Jim Gordon, the famous session drummer who killed his mother, dies: NPR


LOS ANGELES — Jim Gordon, the famed session drummer who backed Eric Clapton and The Beach Boys before he was diagnosed with schizophrenia and jailed for his mother’s murder, has died. He was 77.

Gordon died Monday at the California Medical Facility in Vacaville, the state Department of Corrections and Rehabilitation confirmed Thursday. He is believed to have died of natural causes, but the official cause is being determined by the Solano County Coroner.

Gordon was the drummer for the blues rock supergroup Derek and the Dominos, led by Clapton. He played on their 1970 double album Layla and Other Assorted Love Songs and toured with them.

Gordon has been credited with providing the elegiac piano coda for “Layla”. The group’s keyboardist, Bobby Whitlock, later claimed that Gordon took the piano tune from his then-girlfriend, singer Rita Coolidge, and gave her no credit.

Coolidge wrote in her 2016 memoir Delta Lady that the song was called “Time” when she and Gordon wrote it. They played it for Clapton when they went to England to record with him.

“I was angry,” Coolidge wrote. “What they clearly did was take the song that Jim and I wrote, ditched the lyrics and pinned them to the end of Eric’s song. It was almost the same arrangement.”

Coolidge said she took comfort in the fact that Gordon’s royalties on his songs went to his daughter Amy.

Gordon is featured on George Harrison’s first post-Beatles album All Things Must Pass, the Beach Boys’ Pet Sounds album and Steely Dan’s 1974 song Rikki Don’t Lose That Number.

He has also worked with Joan Baez, Jackson Browne, The Byrds, Judy Collins, Alice Cooper, Crosby Stills & Nash, Delaney & Bonnie, Neil Diamond, Art Garfunkel, Merle Haggard, Hall & Oates, Carole King, Harry Nilsson, and Tom Petty others the Heartbreakers and Barbra Streisand, among others.

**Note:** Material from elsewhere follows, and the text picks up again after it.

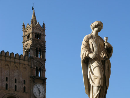 ヴァカンスの終り。![]() 飛行機が空を上昇していきます。 その空には雲ひとつ、ありません。 眼下に見える海の碧は、 8月の太陽を映して目も眩むほどです。 この旅‥‥ぼくのシチリアでのヴァカンスは、 始まったのと同じ場所で終わります。 パレルモは、肌をブロンズ色に変える太陽の街でした。 そしてレストランから溢れ流れる磯の香の街。 ここのレストランは「和風」を追いかけている店も多く、 そのシンプルさが魅力的な料理は 「シチリア風寿司」として、ちょっとしたブームでした。 実際には、米飯抜きなので 「寿司」というよりは「刺身」ですけれど、 その磯の香は、 海からの贈り物で3千年も暮らしているシチリア人たちをも、 うっとりとさせ、魅了しているのです。 ![]() 先週も書いたように、 シチリアは様々な異文化の民族に支配されてきました。 ですからパレルモの街にも、 バロック様式の数々の教会、 ノルマン様式の広場、 アラブ風の家屋や中世の城など、 時代によって異なる建築様式が混在しています。 それも、日々の暮らしの快適さや素朴さよりも 「完璧な美」をそれぞれが追求した結果、 街そのものがまるで広大な庭園のようです。 ![]() シチリアは、ぼくらイタリア人のあいだで、 いまブームになっています。 特にミラノやトリノなど大都市で働く人びとは、 1年間節約を重ねて 夏の1ヵ月のヴァカンスに備えるのですが、 フランスのコート・ダジュールやスペインや、 その他の観光地にかわって ここ数年注目されているのが、 この「シチリア」なのです。 ![]() ![]() イタリアは経済不況です。 数年前に「リラ」から変わった「ユーロ」が 物価を引き上げ、夏のヴァカンスに出かけたい人は、 まず節約が必要だと思い知りました。 節約して用意した大切なお金で、 どこへ行きましょうか? 目の保養のためには目に映る景色の素晴らしさ、 嗅覚のためには吸い込む香り、 味覚のためにはその土地の素晴らしい料理が必要です。 これらをぜんぶ備えているのはシチリアだと、 彼らは気付きました。 太陽と海と、他に類を見ない歴史の遺産と、 色とりどりで味わい深く ヨーロッパ屈指の洗練された食事、 これら全ての幸せをシチリア旅行で味わえる、と。 シチリアは人形劇「プパッツィ」も有名です。 そこに展開されるロマンスや冒険の数々は、 若者たちを初めての恋の予感にときめかせ、 幼い子供たちをたくさんの色の遊びで釘付けにし、 誰もを嬉しい驚きで陶然とさせてしまいます。 ![]() この街に、そしてこの土地に、 世紀を超えて存在する美しさ‥‥ ぼくは郷愁にも似た感動とともに、 パレルモから再び飛び立ちます。

Gordon’s mental health eventually deteriorated.

In 1970 Gordon was part of Joe Cocker’s famous “Mad Dogs & Englishmen” tour with Coolidge, then a backup singer, before embarking on a successful solo career.

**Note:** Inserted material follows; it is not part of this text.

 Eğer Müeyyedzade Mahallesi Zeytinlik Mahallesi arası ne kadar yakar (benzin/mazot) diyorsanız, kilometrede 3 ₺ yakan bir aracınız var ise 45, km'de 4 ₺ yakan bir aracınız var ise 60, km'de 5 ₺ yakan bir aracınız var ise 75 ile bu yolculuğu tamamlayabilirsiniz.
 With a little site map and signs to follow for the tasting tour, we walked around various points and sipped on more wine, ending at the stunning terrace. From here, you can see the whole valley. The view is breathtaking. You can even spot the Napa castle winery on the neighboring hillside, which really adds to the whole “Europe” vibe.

She wrote in her memoir that Gordon punched her in the eye one night in a hotel corridor, “so hard that I was lifted off the floor and slammed against the wall across the hall”. She was briefly knocked unconscious.

Two weeks before the tour, Coolidge appeared with a black eye. She did not file a battery lawsuit against Gordon, but did sign a restraining order and their relationship ended.

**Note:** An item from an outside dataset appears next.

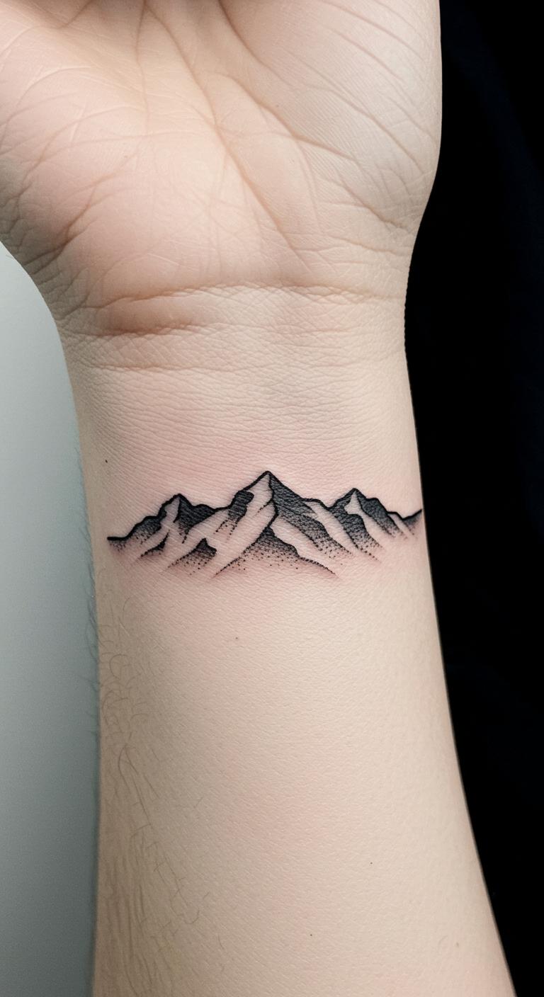 A mountain peak stands for challenges met. It rises with clean lines. Choose a triangular form. Go black to save. Sketch peaks quickly. Artists charge around $50. Keep it fresh with lotion. Try peak templates. This design builds confidence through heights. Align with your wrist. Consult pros. You’ll climb stronger.

In June 1983, he attacked his 71-year-old mother, Osa Gordon, with a hammer and then fatally stabbed her with a butcher knife. He claimed a voice told him to do it.

It was only after his arrest for second-degree murder that Gordon was diagnosed with schizophrenia.

Gordon was sentenced to 16 years of life imprisonment with the possibility of parole. However, he was denied parole several times after failing to attend any of the hearings and remained in prison until his death.

Born James Beck Gordon on July 14, 1945 in the Sherman Oaks neighborhood of Los Angeles, he began his professional career at age 17 supporting the Everly Brothers.

Gordon was a member of The Wrecking Crew, a famous group of Los Angeles session musicians who played hundreds of hits in the 1960s and ’70s.

He was a protégé of drum legend Hal Blaine.

“When I didn’t have time, I recommended Jim,” Blaine told Rolling Stone in 1985. “He was a damn good drummer. I thought he was one of the real comers.”